**WORK TASK**: Please copy exactly the part of the records below that opens with the line containing "Interieur van koper- en" and closes with the line containing "Raelyn – Draped", leaving out any pictures.

**RECORDS TO USE**:

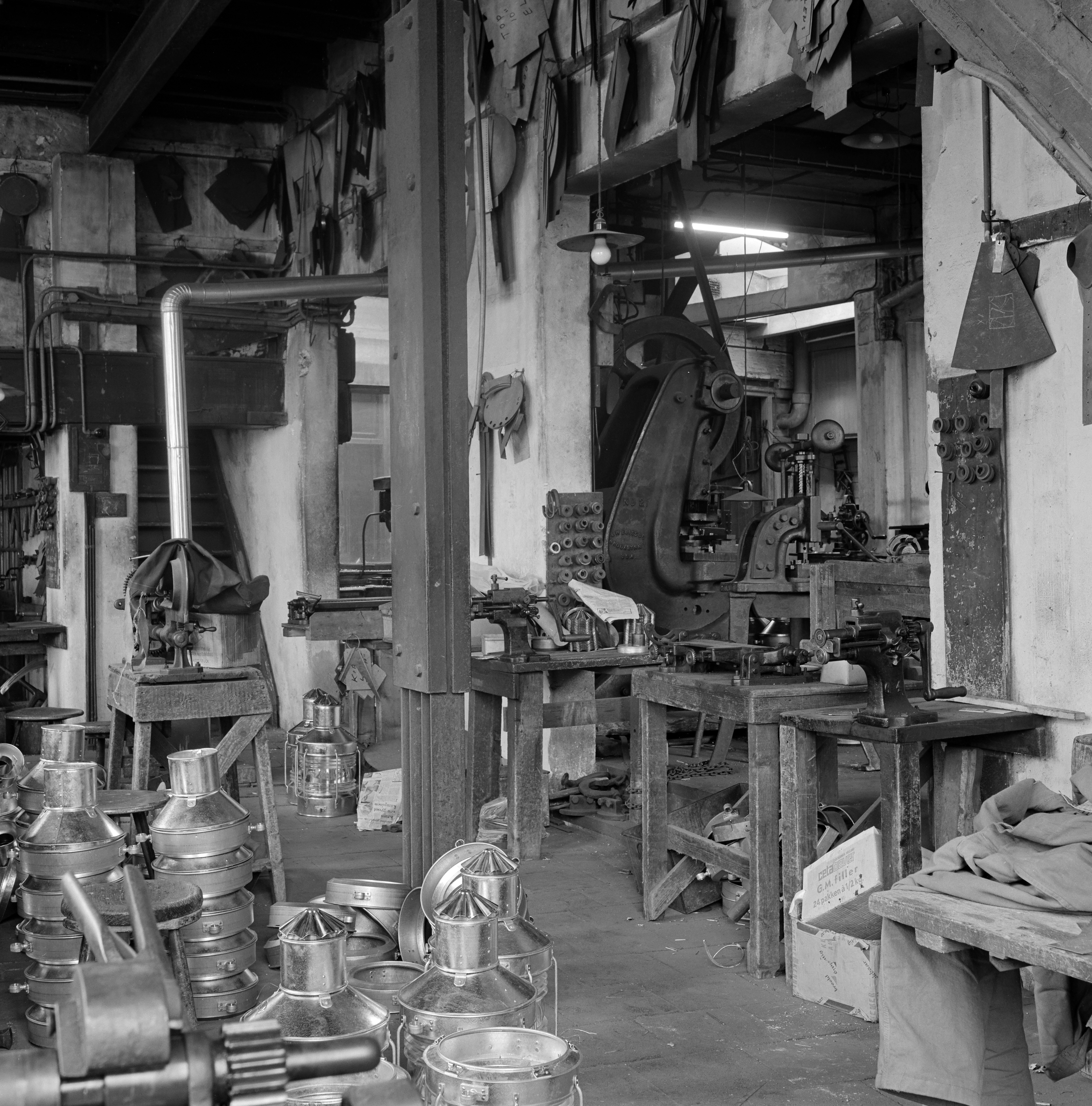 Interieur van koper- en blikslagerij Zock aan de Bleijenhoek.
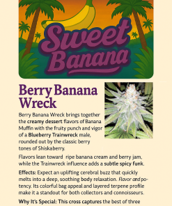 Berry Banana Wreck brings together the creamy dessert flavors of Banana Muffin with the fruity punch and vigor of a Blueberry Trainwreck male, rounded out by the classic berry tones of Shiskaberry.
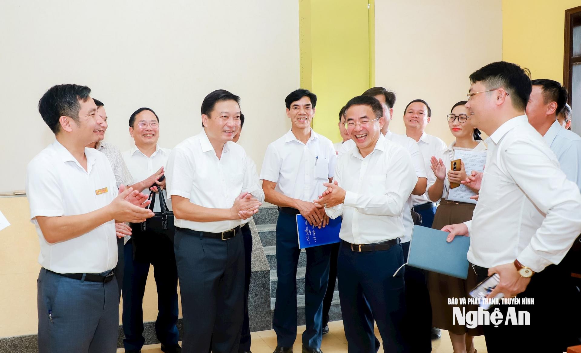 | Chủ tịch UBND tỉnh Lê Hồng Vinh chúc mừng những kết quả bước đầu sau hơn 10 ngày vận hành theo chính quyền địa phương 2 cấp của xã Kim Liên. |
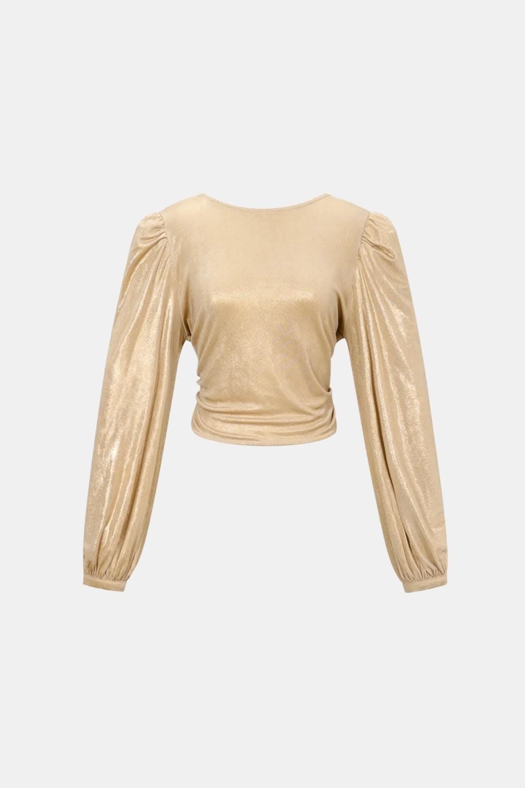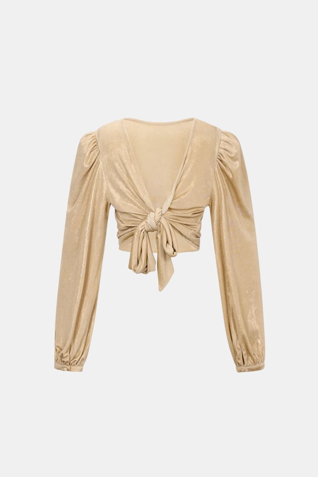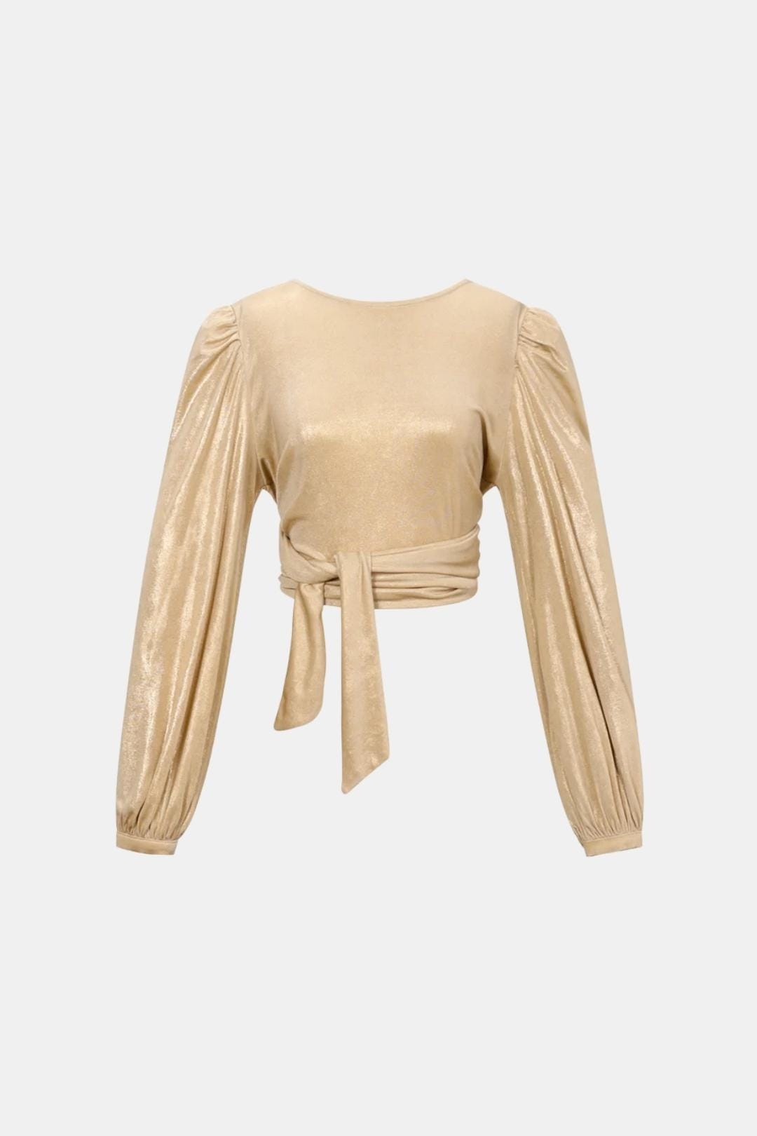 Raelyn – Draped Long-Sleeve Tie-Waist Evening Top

--

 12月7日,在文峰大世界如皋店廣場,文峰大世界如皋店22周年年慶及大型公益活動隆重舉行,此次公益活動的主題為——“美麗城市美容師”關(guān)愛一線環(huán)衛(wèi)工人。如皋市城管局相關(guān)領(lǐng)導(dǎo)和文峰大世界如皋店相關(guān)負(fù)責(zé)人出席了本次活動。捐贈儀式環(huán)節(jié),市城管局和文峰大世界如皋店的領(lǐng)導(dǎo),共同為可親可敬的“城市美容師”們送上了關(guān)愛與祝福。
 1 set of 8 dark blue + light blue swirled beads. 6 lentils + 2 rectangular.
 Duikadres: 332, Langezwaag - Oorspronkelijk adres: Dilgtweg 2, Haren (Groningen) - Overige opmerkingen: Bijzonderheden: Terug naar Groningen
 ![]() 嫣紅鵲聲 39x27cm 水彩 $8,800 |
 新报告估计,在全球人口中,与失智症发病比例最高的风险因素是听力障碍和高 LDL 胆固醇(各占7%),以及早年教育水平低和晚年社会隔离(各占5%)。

**EXERCISE RESPONSE**:
 Interieur van koper- en blikslagerij Zock aan de Bleijenhoek.
 Berry Banana Wreck brings together the creamy dessert flavors of Banana Muffin with the fruity punch and vigor of a Blueberry Trainwreck male, rounded out by the classic berry tones of Shiskaberry.
 | Chủ tịch UBND tỉnh Lê Hồng Vinh chúc mừng những kết quả bước đầu sau hơn 10 ngày vận hành theo chính quyền địa phương 2 cấp của xã Kim Liên. |
 Raelyn – Draped Long-Sleeve Tie-Waist Evening Top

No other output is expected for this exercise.